The gem of these dumps is the semi-monthly snapshots of the current wikitext for every article for every language edition of Wikipedia. Wikipedia text is invaluable to natural language processing (NLP) for a variety of reasons. It is generally long-form (lots of context to learn from), "well-written", and has minimal bias (at least compared to the rest of the internet) both in terms of a neutral point-of-view and the constant efforts of Wikipedians to close knowledge gaps. The content is trustworthy and sources reliable thanks to the careful work of the editor community. And the content is highly multilingual, making it especially important to the ability of developers to train models in languages that are underrepresented digitally.

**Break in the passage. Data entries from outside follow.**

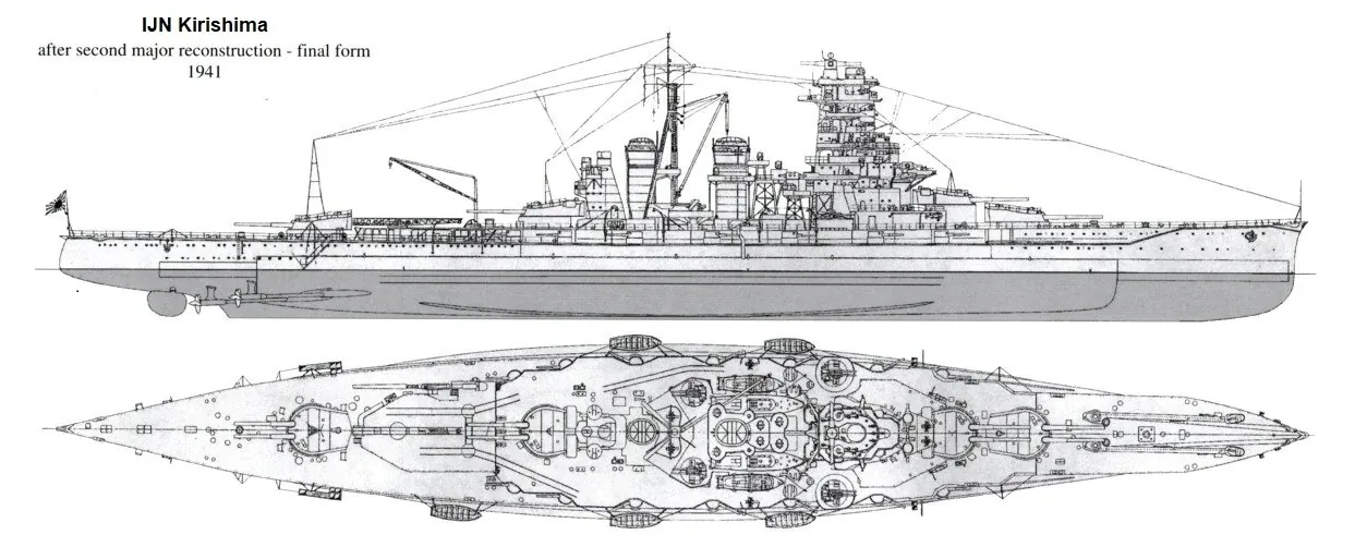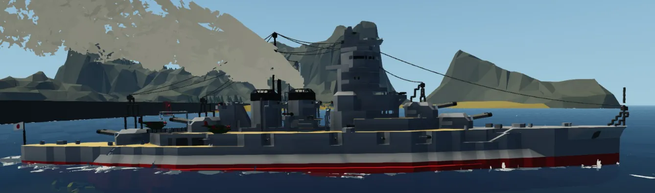 this is the 1941 version of the Battle cruiser Kirishima It is a ~1/12 size replica has movable gun batteries (Primary and Secondary) Can go as fast as 8 knots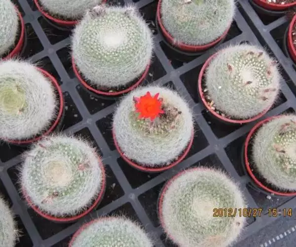 松霞是仙人掌科乳突球属的多年生肉质植物。单个球体小,呈圆筒状,暗绿色,疣状突起小,呈圆形,刺座无毛,…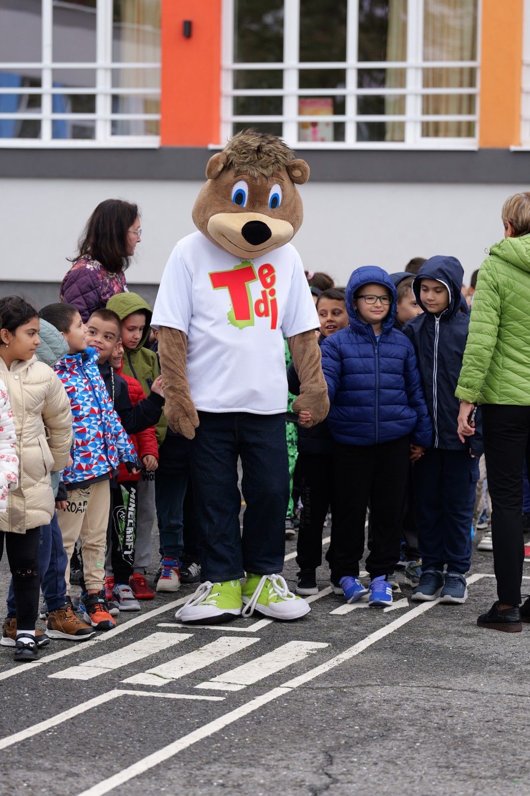 платена публикацияЗа шеста поредна година образователната кампания „Пресичам безопасно с TEDI” гостува в Бургас. Домакин на инициативата бе Основно училище „Антон Страшимиров“, където първокласници придобиха ценни знания за пътната безопасност от представители на Главна дирекция „Национална полиция“. Техен верен спътник в уроците бе и мечето TEDI.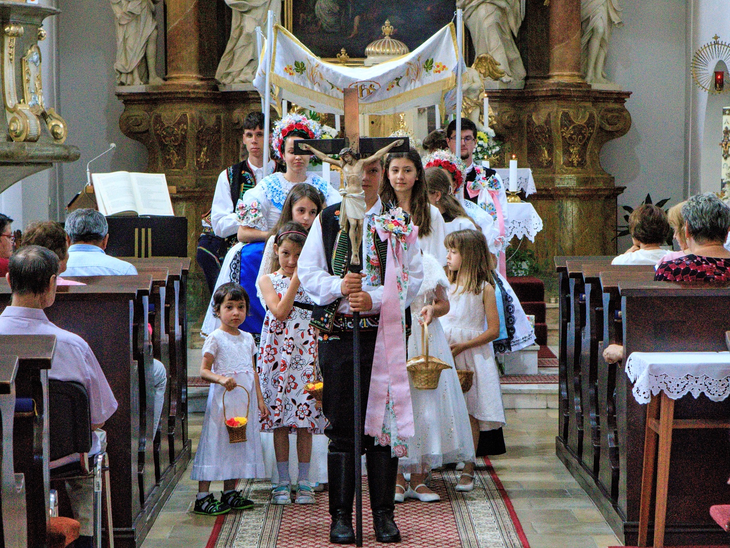 Božítělové procesí ulicemi města, poté mše svatá v kostele Nanebevzetí Panny Marie ve Velkých Pavlovicích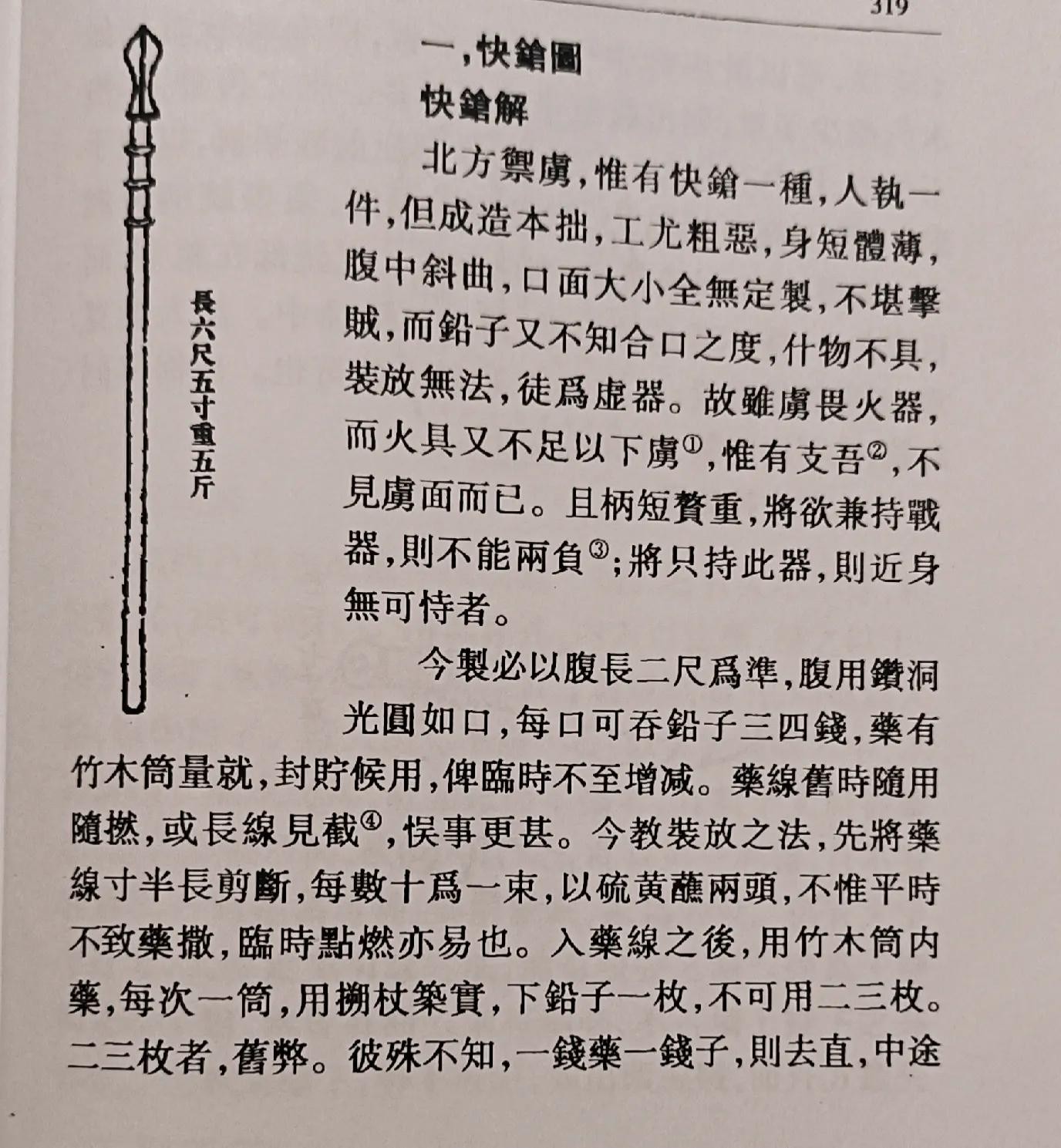 “快枪”长六尺五寸,重五斤。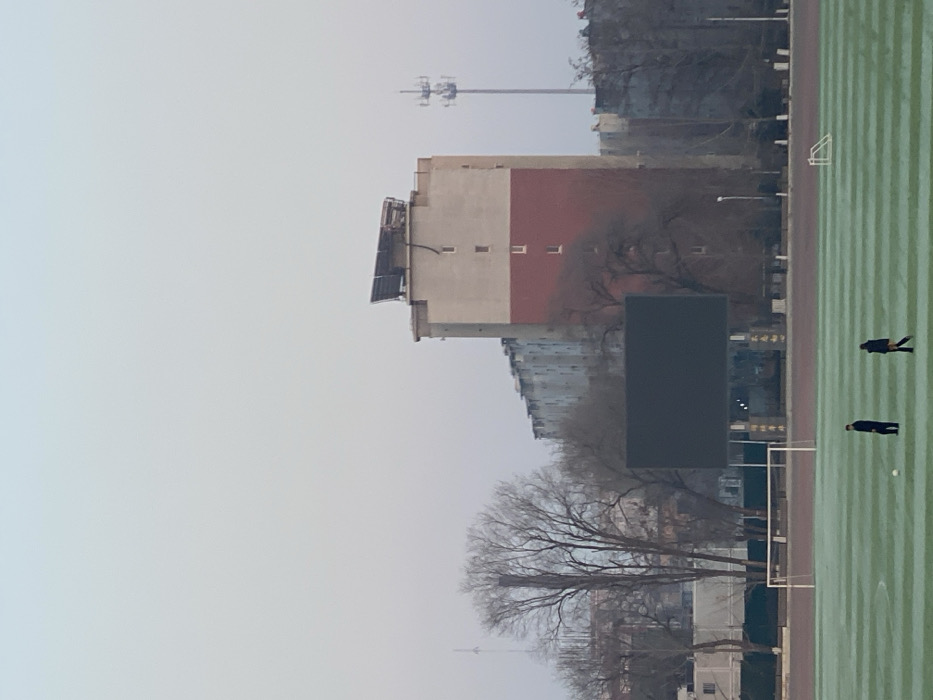 This image depicts an outdoor sports facility in Zhongtun, China, under an overcast sky. In the foreground, a green artificial turf field with white markings is visible, surrounded by a red running track. A large white soccer goal stands on the left side of the field. Two individuals are present on the field: one person in dark attire stands near a white soccer ball on the left, while another person in dark clothing walks towards the right. A smaller white soccer goal is partially visible on the far right of the field. In the midground, behind the field, a large, dark rectangular display screen is mounted on poles. Behind this, bare deciduous trees are interspersed with urban structures. The background features several multi-story buildings. Most prominent is a tall, rectangular building with a light-colored upper section and a dark red lower section, featuring multiple windows. Solar panels are installed on its roof. To the left of this building, a row of similar, light-colored residential buildings extends horizontally. To the right of the prominent building, a tall communications tower with multiple platforms is visible. A thinner, distant tower (possibly an antenna or industrial chimney) is also discernible on the far left horizon. The overall lighting suggests a dull, possibly winter or early spring day.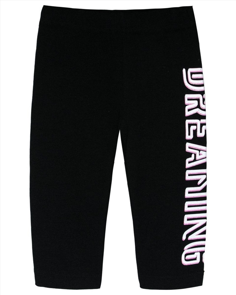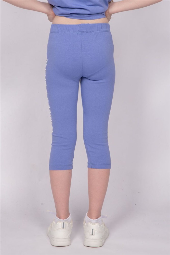Бриджи для девочки прилегающего силуэта из гладкокрашеного полотна. Пояс цельнокроенный, с эластичной тесьмой внутри, закрепленной в шов. Низ бридж обработан швом в подгибку. На передней половинке бридж принт Шелкография с глиттером. Надпись переводится как Мечтающая.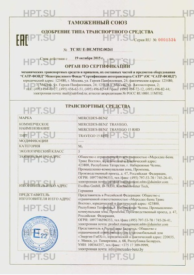 Коммерческое наименование MERCEDES-BENZ TRAVEGO, MERCEDES-BENZ TRAVEGO 15 RHD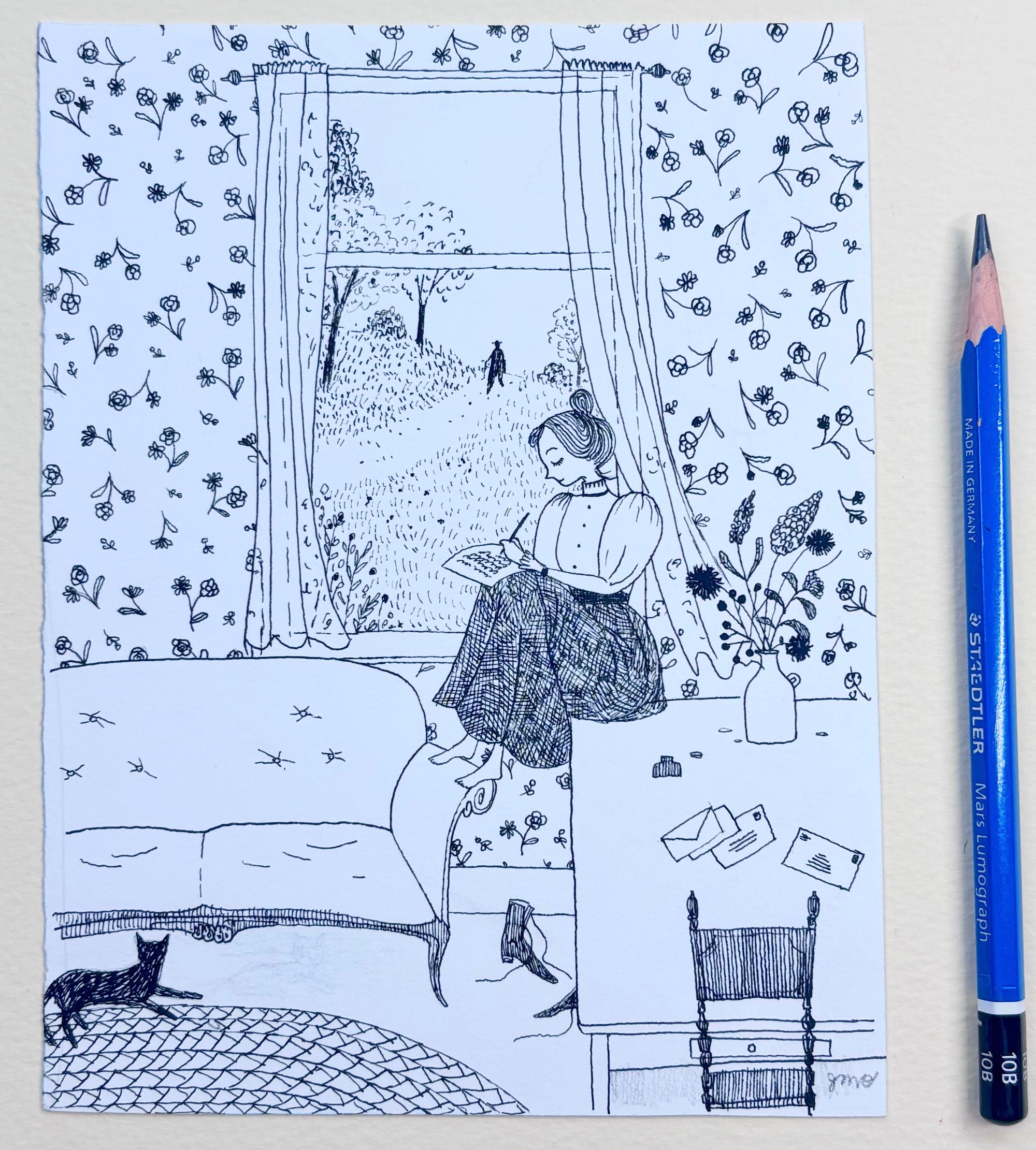 Small original ink drawing from the book " House of Dreams -the Life of L.M. Montgomery" , written by Liz Rosenberg Pen and Ink on paper 18x14 CM approx.

For a long time, these dumps were still a messy resource that NLP folks had to further process to remove the various wikitext syntax (templates, categories, etc.) to leave the simple plaintext or natural language content of an article. Different researchers took slightly different approaches from a simple Perl script to a more fully-fledged Python library that also expands some templates. It's only recently that some standardization has appeared (positive foreshadowing) with HuggingFace providing already-processed plaintext snapshots of Wikipedia and this has been one of their most popular datasets along with subsets such as this 2016 dataset of text from just good and featured articles.

The dumps are not complete though. Notably, none of the imagery that is found on Wikipedia (or not but still on Wikimedia Commons) is available via dumps. Downloading this large source of freely-licensed imagery requires gathering the images one-by-one via APIs, but this can easily take months or result in throttling if the requests are too frequent. Large one-off subsets of Commons have been released in the past – most notably the Wikipedia-Image Text dataset, which could be compiled by Google given their unique infrastructure and was further parlayed into an image-text modeling challenge – but these remain one-offs and usually focus on just the subset of imagery that appears on Wikipedia. This large gap in the dumps means that Wikimedia is not nearly as well-represented within the computer vision community and resulting image or multimodal models, with datasets like ImageNet or LAION that are scraped from the broader web being more common.